C'est resté comme ça depuis Chido : à Mayotte, le long chantier de la reconstruction

© Petite Terre

Des débris s'entassent dans une cour d'immeuble, les plaques de plâtre et la laine de verre barrent l'entrée d'un escalier. Six semaines après le passage du cyclone Chido, l'heure à Mayotte est parfois encore au déblaiement plutôt qu'à la reconstruction, qui s'annonce longue. Le toit de l'appartement le plus haut de cet immeuble de Petite-Terre a disparu et ses murs en bois se sont affaissés sous la puissance du vent.   

A l'étage inférieur, des morceaux de verre et de tissus jonchent le sol près d'un canapé, d'un meuble télé et d'un vaisselier intact. "C'est resté comme ça depuis Chido", le cyclone qui a dévasté le petit archipel français de l'océan Indien le 14 décembre, souffle Ali Anthum, salarié d'une entreprise de construction. "Il faut dégager tout ce qui a été abîmé avant de pouvoir faire les travaux". Un gros chantier pour la société, "débordée". Chido, cyclone le plus dévastateur à Mayotte depuis 90 ans, a causé la mort d'au moins 39 personnes et fait plus de 5.600 blessés, selon le bilan des autorités.   

Hamidat Soilihi, la propriétaire de l'appartement, absente mi-décembre, a découvert son logement trois semaines plus tard, sans pouvoir tout déblayer elle-même.   La grande majorité des maisons et bâtiments du département le plus pauvre de France ont été mis hors d'eau avec des bâches ou des tôles mais la reconstruction prendra du temps.

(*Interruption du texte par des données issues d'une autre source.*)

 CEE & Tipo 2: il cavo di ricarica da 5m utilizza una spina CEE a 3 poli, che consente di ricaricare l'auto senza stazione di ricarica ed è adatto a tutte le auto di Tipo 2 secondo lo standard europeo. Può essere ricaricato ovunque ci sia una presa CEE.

Jusqu'au passage de la tempête Dikeledi le 12 janvier, l'urgence a été de rafistoler les toits.   

"A chaque averse, l'eau s'accumulait et faisait gondoler le faux plafond", raconte Florent, locataire à Labattoir, en Petite-Terre. Un changement de toiture n'est cependant pas à l'ordre du jour. Selon Julian Champiat, président de la Fédération mahoraise du bâtiment et des travaux publics (FMBTP), nombre d'habitants "attendent désormais un retour de leur assurance. Il faut qu'un expert passe et qu'ils soient indemnisés pour lancer des travaux". Selon la caisse centrale de réassurance, moins de 10% des logements sont assurés à Mayotte et Hamidat Soilihi fait partie de ceux qui ne le sont pas.   

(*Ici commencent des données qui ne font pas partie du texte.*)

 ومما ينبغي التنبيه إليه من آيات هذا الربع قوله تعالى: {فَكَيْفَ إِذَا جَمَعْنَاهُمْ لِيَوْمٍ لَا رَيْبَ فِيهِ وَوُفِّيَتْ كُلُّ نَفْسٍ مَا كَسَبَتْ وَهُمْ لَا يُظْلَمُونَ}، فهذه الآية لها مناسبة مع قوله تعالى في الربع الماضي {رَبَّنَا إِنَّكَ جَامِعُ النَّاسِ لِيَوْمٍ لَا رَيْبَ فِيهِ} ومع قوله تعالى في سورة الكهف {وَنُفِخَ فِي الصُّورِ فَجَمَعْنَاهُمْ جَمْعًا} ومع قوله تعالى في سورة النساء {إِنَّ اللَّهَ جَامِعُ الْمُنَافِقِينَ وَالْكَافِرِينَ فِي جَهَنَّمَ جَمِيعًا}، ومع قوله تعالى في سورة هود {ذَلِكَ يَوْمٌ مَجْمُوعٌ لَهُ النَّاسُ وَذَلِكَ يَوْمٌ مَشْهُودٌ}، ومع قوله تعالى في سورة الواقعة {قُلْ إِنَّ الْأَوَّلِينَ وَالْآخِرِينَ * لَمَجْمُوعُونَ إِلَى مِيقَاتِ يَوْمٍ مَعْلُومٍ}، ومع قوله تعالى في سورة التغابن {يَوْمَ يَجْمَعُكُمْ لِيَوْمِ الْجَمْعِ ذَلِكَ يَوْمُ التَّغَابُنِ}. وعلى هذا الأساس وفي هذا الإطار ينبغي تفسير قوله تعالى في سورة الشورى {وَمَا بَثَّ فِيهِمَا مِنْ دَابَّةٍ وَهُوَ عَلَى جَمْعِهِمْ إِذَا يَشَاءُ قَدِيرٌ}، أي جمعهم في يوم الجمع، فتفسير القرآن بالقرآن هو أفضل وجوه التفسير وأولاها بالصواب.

"La construction du dernier appartement venait juste d'être terminée, je n'avais pas eu le temps de faire les démarches", explique cette mère de trois enfants de 5 à 12 ans, qui ignore pour l'instant comment reconstruire. La Société immobilière de Mayotte a recensé 1.500 logements impactés sur son parc de 3.200 logements, dont 1.000 sociaux, et elle aussi n'a engagé pour l'instant que les travaux les plus urgents.   

"Nous sommes en train de travailler avec les experts et les assurances et nous devrions lancer les premiers travaux dans les deux semaines à venir", souligne Ahmed Ali Mondroha, directeur de cette société d'économie mixte, qui s'attend à un coût de plusieurs "dizaines de millions d'euros".    

- Rupture de stock -    

Les entreprises de construction sont par ailleurs confrontées à un problème de taille : la disponibilité des matériaux. "Les habitants les plus aisés se sont rués sur les planches de tôle juste après le cyclone", relève Bruno Baratte, directeur d'exploitation de l'entreprise Tôle de Mayotte.   

"Ceux qui ont moins de moyens nous ont demandé des devis et ont attendu d'être indemnisés par leurs assurances. Mais très vite, nous avons été en rupture de stock sur de nombreuses références. On a passé une nouvelle commande juste après le cyclone mais on ne recevra rien avant fin mars", pronostique le professionnel. Selon Julian Champiat, les entreprises manquent "de tôle, de matériel de couverture, de charpente, de +placo+... Tout ce qui permet de construire une maison".   

Ces pénuries freinent le lancement des chantiers. Tout comme l'incertitude sur le rôle du nouvel établissement public dédié à la reconstruction, prévu par le projet de loi d'urgence voté mercredi par l'Assemblée nationale.   

"Le plus urgent a été fait dans les établissements scolaires. Des bâches ont été posées sur les toits, ce qui pouvait être sécurisé l'a été", note le président de la FMBTP, qui attend désormais de connaître les directives du nouvel établissement pour la reconstruction. "Pour les gros chantiers, des appels d'offres seront lancés, il faudra y répondre, tout ça prend du temps... Avant un ou deux mois, il se passera peu de choses sur le terrain", prévient-il.